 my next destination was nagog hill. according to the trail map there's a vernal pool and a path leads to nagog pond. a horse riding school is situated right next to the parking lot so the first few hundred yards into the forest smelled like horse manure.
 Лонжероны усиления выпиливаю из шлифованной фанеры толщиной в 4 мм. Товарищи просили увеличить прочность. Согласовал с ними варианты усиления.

* * *

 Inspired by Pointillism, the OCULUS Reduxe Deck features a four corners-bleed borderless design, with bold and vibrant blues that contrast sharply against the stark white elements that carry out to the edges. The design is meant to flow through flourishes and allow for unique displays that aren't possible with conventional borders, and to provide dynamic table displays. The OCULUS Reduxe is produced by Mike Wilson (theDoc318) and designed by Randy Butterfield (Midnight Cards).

==

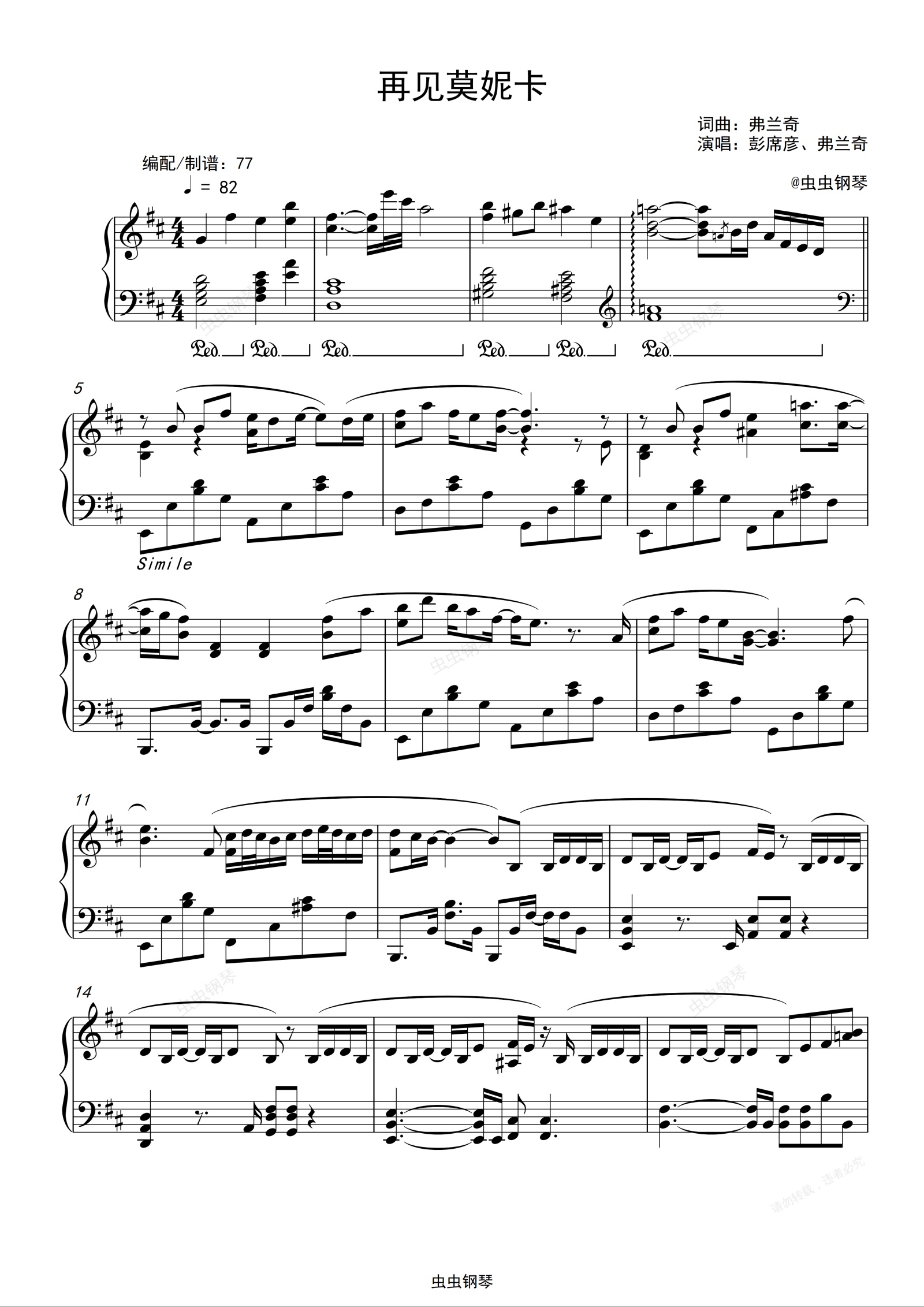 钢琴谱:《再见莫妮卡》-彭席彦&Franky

**TRY IT:** Retype, in the same exact form, the lines of the material above from the line holding "my next destination" through the line holding "Лонжероны усиления выпиливаю".

**ANSWER SPACE:**
 my next destination was nagog hill. according to the trail map there's a vernal pool and a path leads to nagog pond. a horse riding school is situated right next to the parking lot so the first few hundred yards into the forest smelled like horse manure.
 Лонжероны усиления выпиливаю из шлифованной фанеры толщиной в 4 мм. Товарищи просили увеличить прочность. Согласовал с ними варианты усиления.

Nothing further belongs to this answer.